しかし、いざ放送が近づくと、ネット上は「お願い! 全員、無事でいてけろ!」「悲しそうなアキちゃんは見たくない」「あ~、見たくないけど、見たい!」といった書き込みであふれ、ファンの落ち着かない様子が伝わってくる。

また、以前からドラマファンの間では、震災後の展開の予想合戦が繰り広げられていた。
「夏ばっぱが津波に流され、アキが後を継いで立派な海女になる」「行方不明となった安部ちゃん(片桐はいり)が、最終回でまめぶカーに乗って戻ってくる」「復興のため、GMTが『海女カフェ』を拠点として活動を開始。北三陸が全国的に知れわたり、海女志望者が殺到する」「アキと種市先輩(福士蒼汰)の子ども“フユ”が産まれる」などさまざま。

現在は、公開されている数少ない第23週のスチール写真などから、東京でのアキのライブを見るために北三陸鉄道に乗ったユイ(橋本愛)と、吉田(荒川良々)が行方不明に。ユイは無事だったが、吉田は……というような予想をする人が目立つ。

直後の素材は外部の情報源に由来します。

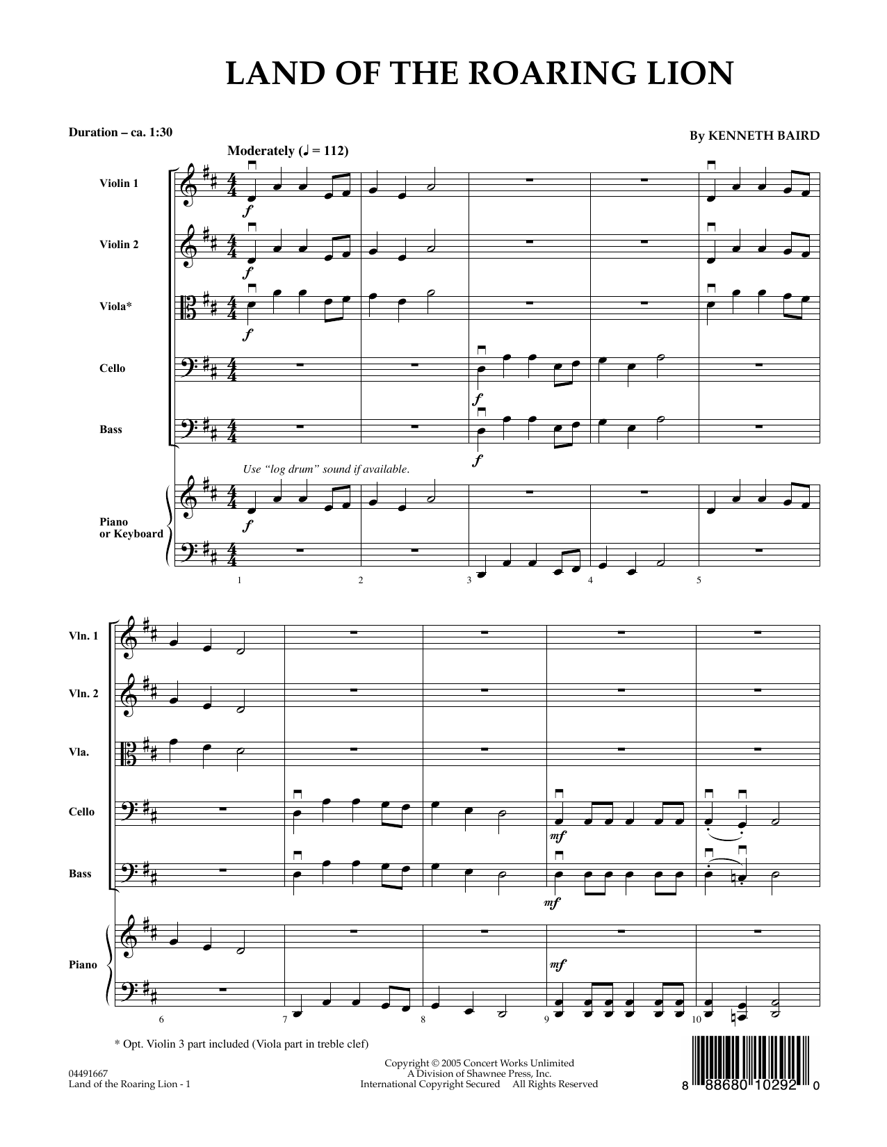 A fun, well-crafted ensemble piece for beginning level players that features imitation between sections, simple harmony in parallel lines, and bold, modal sonorities. As always, Kenneth Baird creates interesting parts for all players.

「NHKが小出しにする情報を元に、先の展開を予想するのも『あまちゃん』の楽しみ方の一つ。
居酒屋などにファンが集う『あまちゃんオフ会』もあちこちで開かれ、最近は『見つけてこわそう』が震災後、どんなタイトルになるか? といった話で朝まで盛り上がっているそうです。
後半になるにつれ、じわじわと視聴率が上がっている同作ですが、震災が描かれる第23週はさらなる上昇が期待されています」(テレビ誌ライター)

同作の舞台となっている岩手県久慈市は、実際に大きな津波被害にあった場所。
ついに宮藤官九郎が描く震災が提示されることで、オープニングの美しい海岸や、小袖海岸の堤防を疾走するアキの姿が、また違ったものに見えてくるのかもしれない。